Zorian did not ask Alanic what he wanted. He already knew. He reached out mentally towards Jornak. The young lawyer actually had rudimentary mental defenses, but this was not something that could stop Zorian. He punched through those defenses as if they were paper and pressed down on the man’s mind.

Jornak’s eyes widened like saucers as he realized what was happening.

“Answer the questions,” Zorian commanded.

“N-no!” Jornak protested. “This… this is illegal! I’ll… damn it. Damn it!”

“Did you kill Veyers?” Zorian asked, just to be sure.

“I didn’t kill him! I didn’t kill anyone! I already said I just found him dead one day! It’s the truth!”

“What was he doing in your home?” Zorian asked.

“That’s… we were friends,” Jornak said, gritting his teeth.

“A friendship between a 15-year-old-boy and a 25-year-old man like you?” Alanic commented lightly. “Who is it that likes them young, again?”

“You people…” Jornak hissed angrily at him. He took a deep breath and forcibly calmed himself down. “Look… I promise to tell you the whole story. Just… release me from your mental compulsion. It’s hard to think with this thing muddying my thoughts.”

Zorian gave Alanic a questioning glance. Alanic nodded for him to do as Jornak said, apparently willing to give the man a chance. Fair enough. He supposed they could always repeat the procedure if Jornak became uncooperative later on.

“I’m still keeping an eye on your surface thoughts,” Zorian told him as he released the compulsion to make him talk. “So don’t try to lie to us.”

“I don’t have to lie!” Jornak snapped at him. “This whole thing is just… damn it, Veyers! Even when dead, he still makes trouble for me.”

“Yeah, he has that effect on people,” Zach said with a sagely nod.

Jornak ignored that comment, gathering his thoughts for a moment.

“Alright,” Jornak said. “So, I met Veyers almost a year ago when he came to talk to me about his legal options in regards to his… situation… in his House. I empathized with him then. What happened to him reminded me a little of myself. I too have had my birthright stolen from me.”

“Really?” Zach asked curiously.

“I don’t want to talk about it and I ask you to be merciful and not force me,” Jornak said. “It has nothing to do with this, and you can find out most of it through public documents. It’s not like I’ve ever hid my grievances, after all.”

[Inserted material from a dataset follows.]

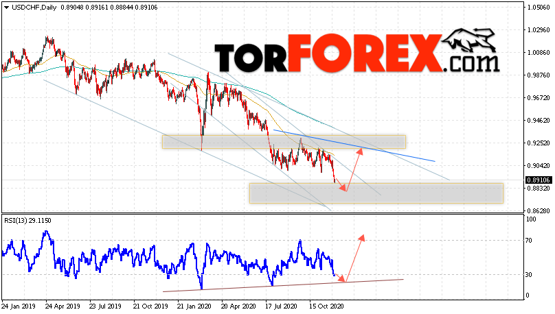 Дополнительным сигналом в пользу подъёма валютной пары Доллар Франк выступит тест линии тренда на индикаторе относительной силы. Вторым сигналом станет отскок от области поддержки. Отменой варианта роста USD/CHF станет падение и пробой области 0.8705. Это укажет на пробой области поддержки и продолжение падения пары на Форекс с целью ниже области 0.8345. Подтверждением подъёма пары на текущей торговой неделе 7 — 11 декабря 2020 выступит пробой области сопротивления и закрытие котировок выше уровня 0.9265, что укажет на пробой верхней гардины нисходящего канала.

“Just give us the short version,” Alanic said.

Jornak gave him a hateful look, but after glancing at Zorian for a second he decided to humor the scarred battle-priest anyway.

“In short, I was a relative of a small House that went extinct some time ago. Although not a true member of the House, I was the closest thing to a descendant and I was supposed to inherit their wealth and properties… but then a new claimant suddenly appeared, completely out of nowhere, claiming even closer relations. His proof of his lineage was painfully fake and all the documents obvious forgeries, but he was better connected than me and in the end, courts assigned everything to him and left me with nothing.”

“I see,” Alanic said. “And so you saw young Veyers coming to you for help and felt touched by this young man that was seeing his legacy usurped from him by branch members of his House.”

“Yes, precisely,” Jornak said. “In truth, I couldn’t help him much. Formal Houses like his own are given a lot of leeway in how they govern themselves internally, and general law is only somewhat applicable to his situation. Still, the boy seemed to appreciate my advice, and the fact that I cared… which not many people around him did, if he was to be believed.”

“And him coming to live inside your home…?” Zorian prompted.

“That… you know he was expelled from his school?” Jornak said, frowning. “Well, he didn’t want to go back to his family after that. After wandering all over the city to cool down, he came over to my house and beggedme to house him for a few days. He said he needed a place to hide for a while and think about what to do about things. How could I refuse?”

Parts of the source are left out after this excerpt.